Nigerian Healthcare Excellence Award

The Joint Health Sector Unions (JOHESU) has called on the Senate to amend the anticipated Medical & Dental Council of Nigeria (MDCN) act 2020, describing it as an unnecessary bureaucratic structure.

JOHESU also warned the National Assembly to avoid the reality of chaos in the health system by reckoning with the fact that the planned section 4(9) of the MDCN bill is in direct conflict with the MLSCN Act 2004.

The Unions in a statement issued to BusinessDay reads: “In line with the existing rules of the proceedings of the National Assembly not to consider legislating on matters before the court, we draw the attention of the Senate Committee on Health to the fact that the issue of the Regulatory Agency which has powers to regulate and control Clinical/Medical Laboratory practice in the field of Pathology is an on-going suit at the Court of Appeal which is expected to determine the Regulatory Agency in Healthcare which has a specific approbation in law to regulate and control Clinical/Medical Laboratory practice in Nigeria.”

According to the group, “It is interesting that in the MDCN draft bill, no consideration or thought was put in print for a next line of action in the absence of the Medical Doctor or Dentist.

“Specifically, there was no clause to allow nurses or any other practitioner to step in the shoes of the Doctor/Dentist which would have been within the jurisdiction of the MDCN.

“Rather strangely, the MDCN bill seeks to give Doctors/Dentists a loophole in the private sector especially to continue the many years of reckless use of drugs through untrained hands.”

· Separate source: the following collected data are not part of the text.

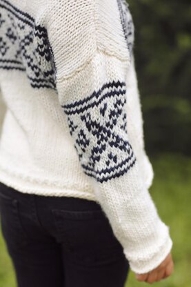 I wanted to design a cozy, warm pullover for winter that would be a modern take on traditional Scandinavian style. The pattern uses a thick, cushy yarn—to make it quick to knit—and one simple band of patterning for minimalist Norwegian style. I chose rolled edges for their casual look—a concealed bit of ribbing controls the roll. Dropped sleeves and a straight body add to the classic silhouette. The tracings of dark lines across the natural color reminded me of the trunk of a birch tree, hence the name. This is a great pattern to try colorwork for the first time or to whip up as a quick gift!
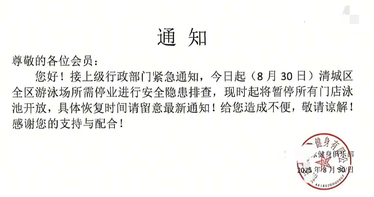 8月30日,清遠當(dāng)?shù)匾患殷w育公司曾發(fā)布通知,表示即日起清城區(qū)全區(qū)游泳場所需停業(yè)進行安全隱患排查,暫停所有門店泳池開放。9月5日,該公司一家健身房工作人員告訴極目新聞記者,泳池將于8日恢復(fù)開放,并稱此次泳池暫停開放與8月29日發(fā)生的事故無關(guān),只是在做清潔,并表示當(dāng)天已有相關(guān)部門來檢查過。
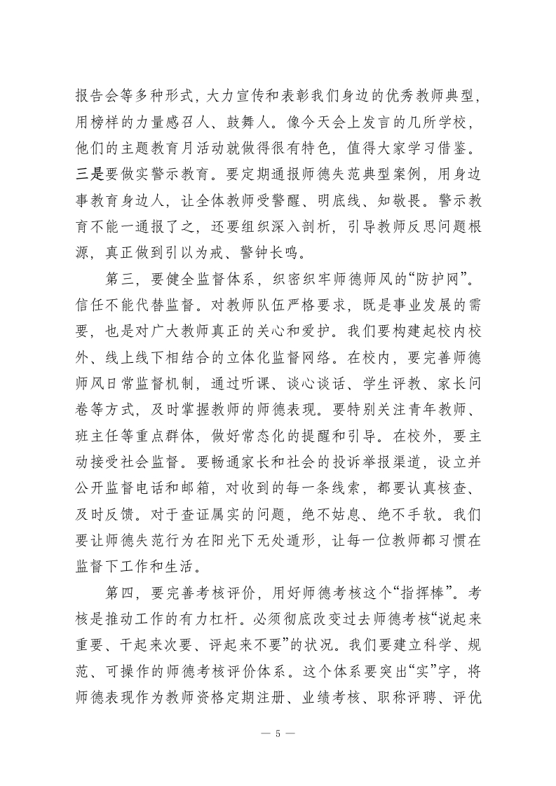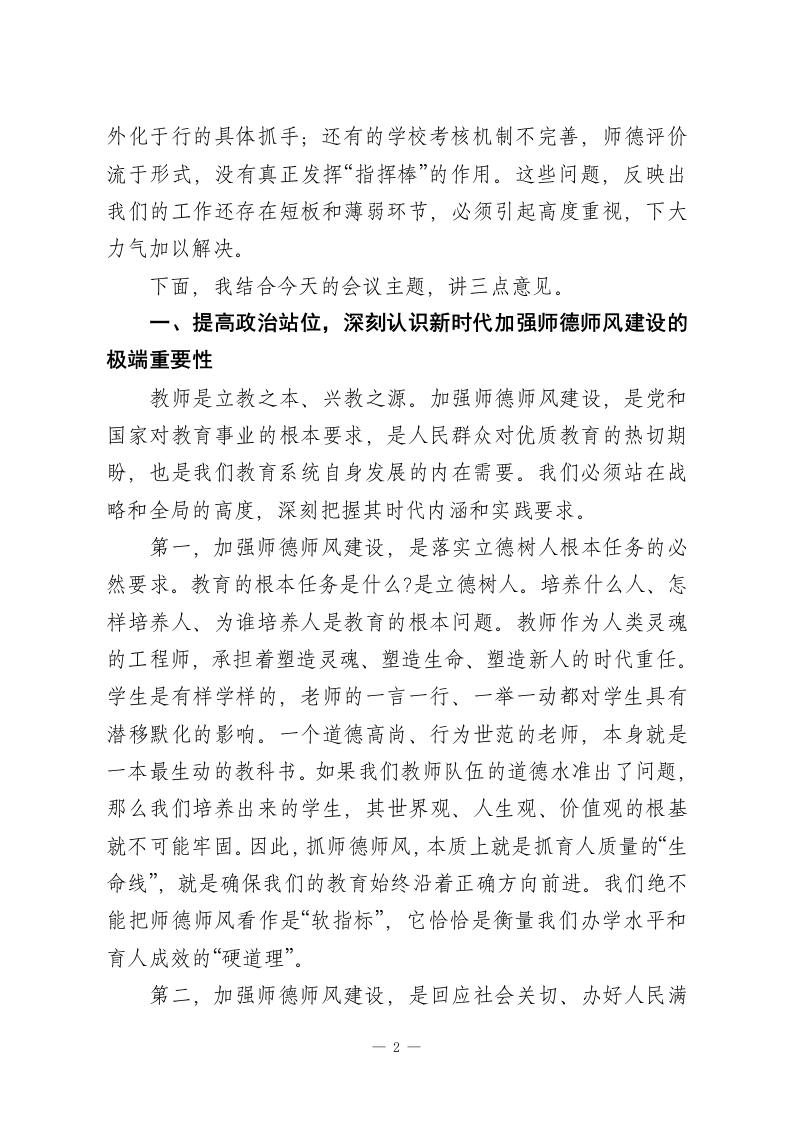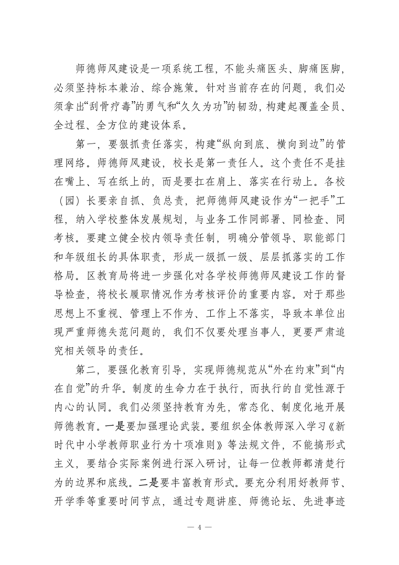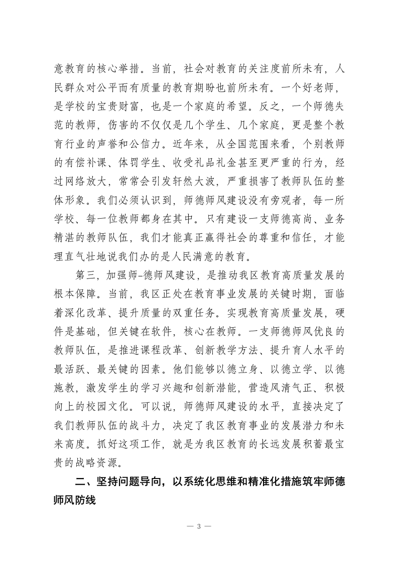 在XX区师德师风建设工作专题会议上的讲话同志们:今天,我们在这里召开全区师德师风建设工作专题会议。召开这次会议,既是贯彻落实国家、省、市关于加强新时代教师队伍建设系列决策部署的再深化、再落实,也是针对近期专项督导中发现的问题,进行的一次集中会诊和工作部署。会议的目的非常明确,就是要通过正视问题、剖析根源、明确方向,进一步统一思想、压实责任,以最坚决的态度、最务实的举措,全面加强我区师德师风建设,为办好人民满意的教育筑牢最坚实的根基。刚才,会议通报了近期专项督导发现的问题和几起违反师德师风的典型案例,XX中学、XX中心小学、XX中学等三所学校也分享了他们在师德师风主题教育月活动中的经验做法,讲得都很好,各有侧重,也很有启发。这些案例,虽然只是极少数,但性质严重,影响恶劣,为我们每一位教育工作者都敲响了警钟。三所学校的经验,展示了我们基层学校在师德师风建设上的积极探索和初步成效。总的来看,自主题教育活动启动以来,全区各学校严格按照“六个一”工作要求,精心组织,扎实推进,取得了阶段性成果。但我们必须清醒地认识到,成绩背后依然存在不容忽视的问题。比如,有的学校学习研讨覆盖面不广,存在“上热中温下冷”的现象;有的学校工作举措不实,满足于开会发文、签订承诺书,缺乏将师德规范内化于心、1

It also stated that, “This draft cannot legitimize the unlawful act of sales and dispensing of drugs by Doctors under whatever guise. The above scenario is what has entrenched and formalised quackery in the Health system in Nigeria because private hospitals promote quackery through a periodic discharge of untrained elements. Such undesirable characters evolve as auxiliary nurses, dispensing assistants/clerk among others.

“Section 45(3)(e) in its totality will encourage the continued exploitation of the Nigerian people because WHO studies confirm pecuniary indulgences of private hospital facilities in the sales and dispensing of drugs.”

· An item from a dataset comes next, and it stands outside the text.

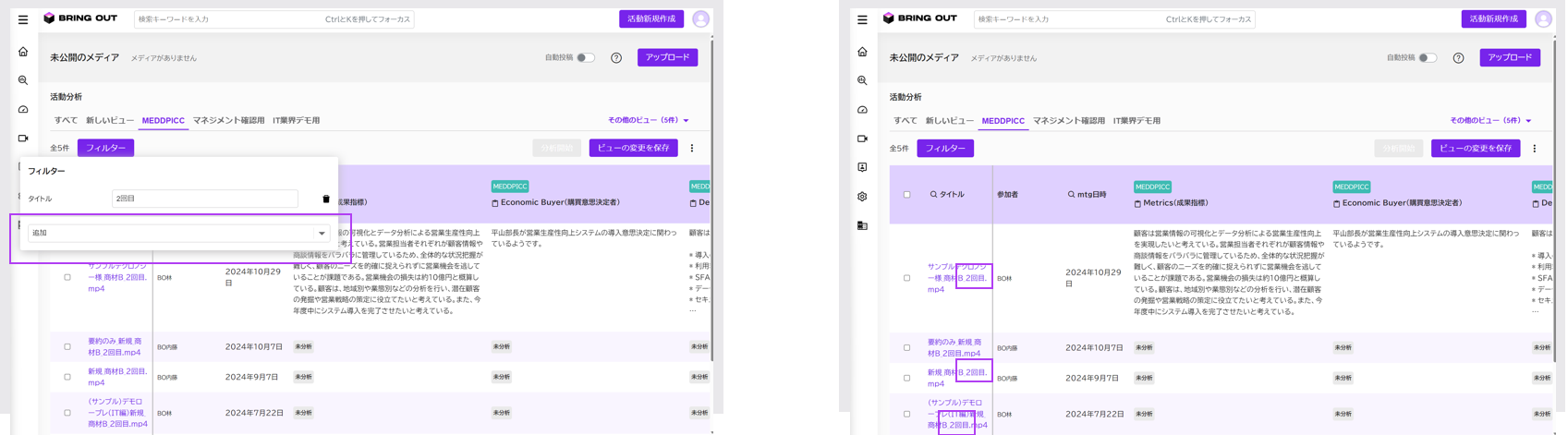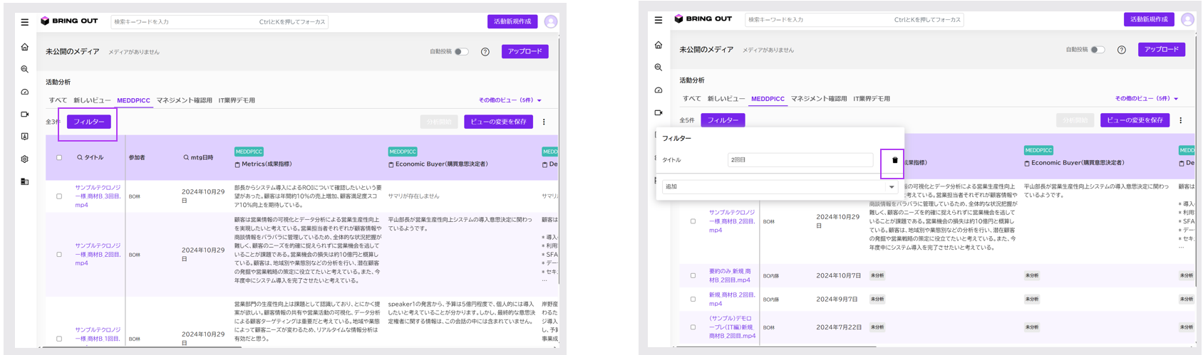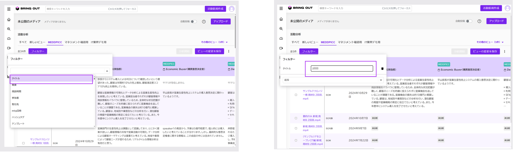 例えば、”商談に参加した参加者” や ”ある解析項目に絞った投稿だけ” などを表示したい場合などに使用します。
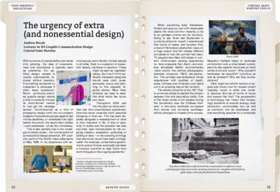 The urgency of extra (and nonessential design)Brash, Andrew (2022) The urgency of extra (and nonessential design). Post-Pandemic Reflections. |

However, JOHESU advised that Doctors and private hospitals that cannot afford to engage Pharmacists should send their prescriptions to Community Pharmacies that are registered by PCN.

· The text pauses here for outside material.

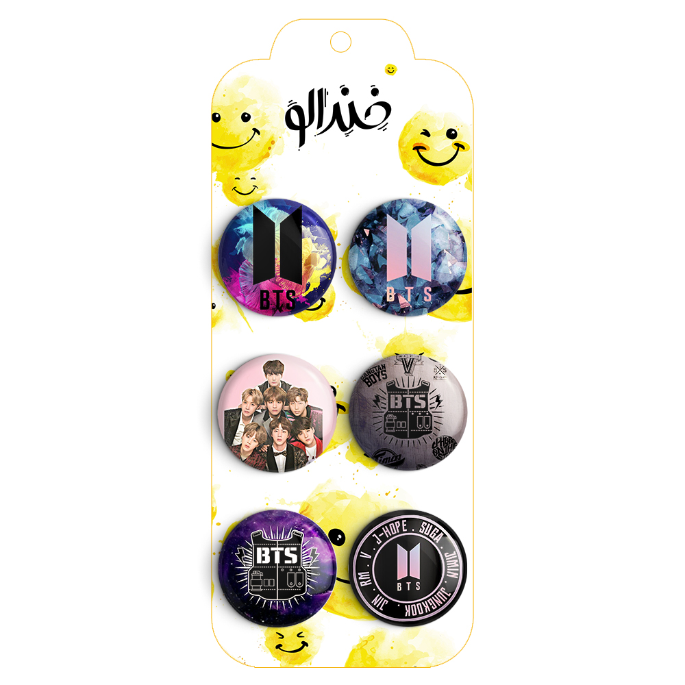 مجموعه 6 عددی پیکسل خندالو طرح بی تی اس (BTS) با روکش سلفون حرارتی براق ضدخش و قطعه پشتی رنگی تولید شده است. قطعات پشتی از میان 6 رنگ سفید، مشکی، صورتی، زرد، آبی و قرمز که با توجه به نوع و رنگبندی طرح روی پیکسل انتخاب شده اند تولید می شود و در هر بسته بندی مطابق عکس محصول می باشد. قطعات پلاستیکی پشت پیکسل با سوزن یک تکه ثابت و بدون لغزش و جا به جایی، ایستایی بسیار بهتری نسبت به پشتی فلزی پیکسل دارند که این مهم در تولید این محصول نیز رعایت شده است. چاپ پیکسل نیز با دستگاه های استاندارد و با بهترین سطح کیفی صورت گرفته و طرح با شفافیتی مثال زدنی و با سلفونی بدون شکست نور بر روی پیکسل نقش بسته است. همچنین بسته بندی جذاب و مینیمال پیکسل ها، آنها را مناسب هدیه کرده است..
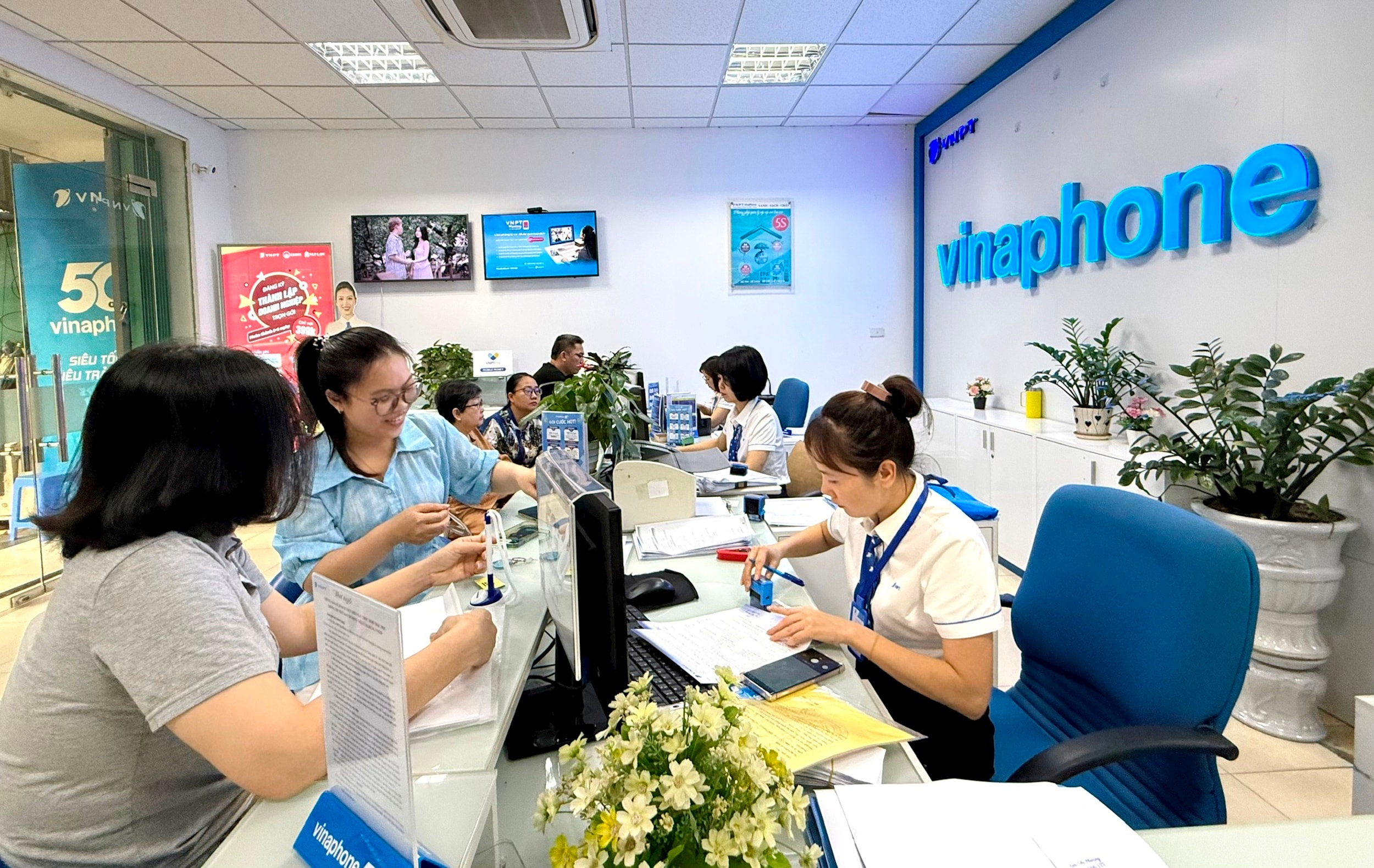 Các cửa hàng giao dịch của VNPT tại Hà Nội phục vụ khách hàng đăng ký dịch vụ và xác thực thông tin thuê bao. Ảnh: Trần Yến

On the other hand, it stressed the need to promote strong evolution of the different professions in the Health Sector as this guarantees harmony in foreseeable future.

Delving in to National Maternal and Perinatal Death Surveillance and Response Bill, JOHESU in the paper stated:

“Matters pertaining to the National Maternal and Perinatal Death Surveillance and Response are germane in healthcare policy and planning.

“However, setting up statutory structures to drive this as an autonomous agenda under the FMOH does not look too strategic in view of the many bureaucratic appendages that will be associated with such endeavours.

“The National Assembly must set the right examples in legislating because government cannot be conveying the impression that there is paucity of funds to cater for existing statutory MDAs, but still attempts to create new structures which must be funded.”

JOHESU therefore, canvassed for the full implementation of the National Health Act, describing it as a panacea to unhealthy practices by respective professions and regulatory agencies in health, in the dispensing of professional privileges and rights in Nigeria.